SWEDISH CPIF (THU): SEB expects CPIF Y/Y at 1.7% (Riksbank forecast 1.3%, earlier 2% Y/Y). Analysts anticipate core CPIF Y/Y to ease from 1.7% to 1.4%, undershooting the Riksbankʼs 1.7% forecast. As a reminder, the January inflation stunned to the draw back, led by stress in core companies. One other set of dovish inflation readings might immediate markets to start pricing in a near-term lower, with markets at present assigning a forty five% probability of a transfer in Spring/Summer season. Nonetheless, SEB maintains its name for regular charges over the long run, saying policymakers seem targeted on long-term inflation expectations.

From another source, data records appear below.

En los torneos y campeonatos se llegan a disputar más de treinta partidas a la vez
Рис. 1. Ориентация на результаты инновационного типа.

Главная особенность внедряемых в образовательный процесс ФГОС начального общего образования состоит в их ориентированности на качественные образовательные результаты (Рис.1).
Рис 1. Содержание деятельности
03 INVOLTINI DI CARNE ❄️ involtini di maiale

Nevertheless, analysts argue that if the Financial institution have been to ship a charge discount, it will be seen as “fine-tuning” slightly than the beginning of a brand new chopping cycle.
US RETAIL SALES (FRI): Januaryʼs retail gross sales information might be weighed in opposition to indicators of resilient client spending firstly of the 12 months. BofAʼs client checkpoint information confirmed complete card spending rose 2.6% Y/Y in January, versus 1.8% Y/Y in its December report, marking the strongest tempo in practically two years regardless of weather-related disruptions. The financial institution flagged persistent incomebased divergence in spending and wage progress, warning of a “Ok” form between higher- and middle-income households, alongside the prevailing hole with lower-income teams. It mentioned households have been broadly adaptive and financially steady, navigating affordability pressures by buying and selling down, sustaining elevated financial savings and drawing on obtainable borrowing capability. Greater tax refunds are additionally seen as a possible near-term help for client spending.

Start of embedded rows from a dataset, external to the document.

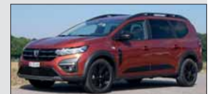
7-Kämpfer: Der Dacia Jogger hat tatsächlich 7 Plätze zu bieten.

Dacia Jogger ab Fr. 21'590.– Dacia hat mit dem neuen Jogger ein Crossover-Raumwunder zum Preis eines Kleinwagens im Angebot. Das Leben an Bord ist einfach, aber auch langstreckentauglich. Das kernig klingende Turboaggregat (1-Liter, 110 PS) zieht aus dem Stand kräftig an und sorgt mit einem lang übersetzten sechsten Gang für tiefe Verbrauchswerte (5,9 l/100 km).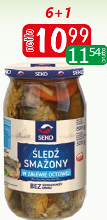
Śledź smażony w zalewie octowej 800g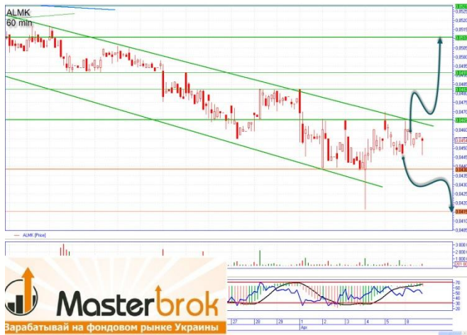
ALMK на поддержке 0,0455

«Алчевка» сформировала узкий диапазон торговли, поддержка 0,0438грн., сопротивление 0,0460-0,0465грн. При пробитии уровня 0,0465грн. в объеме, можно говорить о «бычьем» развитии событий с основной целью наверху 0,051грн. диагональное сопротивление и промежуточной 0,0482-0,0485грн. «Медвежье» движение можно начинать с достижения цены 0,0430-0,0432грн., основная цель вниз 0,0415-0,0417грн.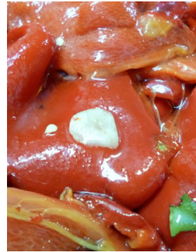
Poivrons grillés au four

US JOBS REPORT (FRI): The February jobs report might be regarded to to see whether or not Januaryʼs stronger-than-expected 130k payroll achieve and the drop in unemployment to 4.3% marked a turning level, or was a one-off. Consensus expectations are for payroll progress of 70-90k, above the estimated 50k breakeven tempo. Some analysts anticipate unemployment to edge increased, citing potential volatility within the family survey after Januaryʼs surge in employment, whereas the Chicago Fedʼs February labour market indicators mannequin is monitoring unemployment at 4.28%, broadly consistent with Januaryʼs official 4.3% charge. Weekly preliminary jobless claims have been regular over the comparable survey durations, whereas persevering with claims rose barely. The Convention Board reported a modest enchancment in labour market perceptions, with the labour market differential rising. On coverage, Fed officers view the labour market as steady and resilient, having cooled steadily and now displaying indicators of stabilising. With unemployment low, layoffs subdued and vacancies regular, officialsʼ focus seems to have shifted extra in the direction of inflation dynamics. A number of have careworn the necessity for clearer proof that worth pressures, significantly in core companies, are returning to focus on earlier than contemplating additional charge cuts.